Let ${\displaystyle \sum _{k=1}^{\infty }a_{k}=\left(\sum _{k=1}^{n}a_{k}\right)_{n\in \mathbb {N} }=(S_{n})_{n\in \mathbb {N} }}$ be a convergent series. Then, the sequence of remainders ${\displaystyle (R_{n})_{n\in \mathbb {N} }=\left(\sum _{k=n+1}^{\infty }a_{k}\right)_{n\in \mathbb {N} }}$ will converge towards ${\displaystyle 0}$.

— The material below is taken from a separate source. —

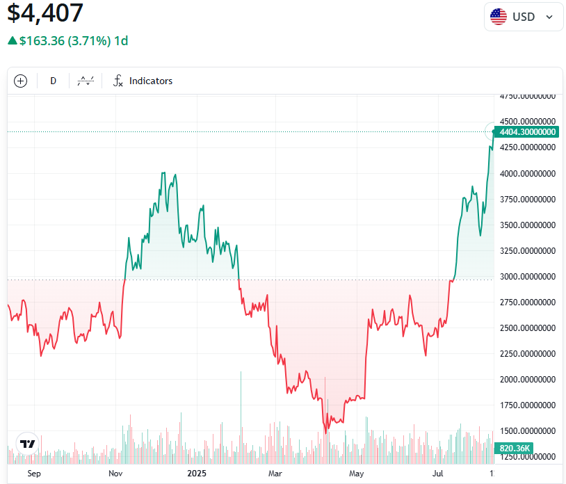 Корпорації та фірми, що торгуються, все частіше приймають ефір як вторинний резервний актив, який протягом останнього тижня зросла на 21%, щоб торгувати на рівні 4 408 доларів на момент написання.

Proof (sequence of remainders)

Since the series converges, the limit ${\displaystyle \lim _{n\to \infty }S_{n}=\lim _{n\to \infty }\sum _{k=1}^{n}a_{k}=\sum _{k=1}^{\infty }a_{k}=S<\infty }$ exists. Now

{\displaystyle {\begin{aligned}R_{n}&=\sum _{k=n+1}^{\infty }a_{k}\\&=\sum _{k=1}^{\infty }a_{k}-\sum _{k=1}^{n}a_{k}\\&=S-S_{n}\end{aligned}}}

Using the calculation rules for limits, we obtain

{\displaystyle {\begin{aligned}\lim _{n\to \infty }R_{n}&=\lim _{n\to \infty }(S-S_{n})\\&=S-\lim _{n\to \infty }S_{n}\\&=S-S\\&=0\end{aligned}}}

Therefore, ${\displaystyle (R_{n})_{n\in \mathbb {N} }}$ is a null sequence.

Hint

Usually, it is not possible to write down an explicit formula for the sequence of remainders ${\displaystyle (R_{n})_{n\in \mathbb {N} }}$. However, in many cases one may give estimates or bounds for them. For instance, when considering alternating series ${\displaystyle \sum _{k=1}^{\infty }(-1)^{k+1}b_{k}}$ in general, the Leibniz-Kriteriums will yield us an "error estimate", i.e. an upper bound to the remainder. Taylor series allow for such error estimates as well.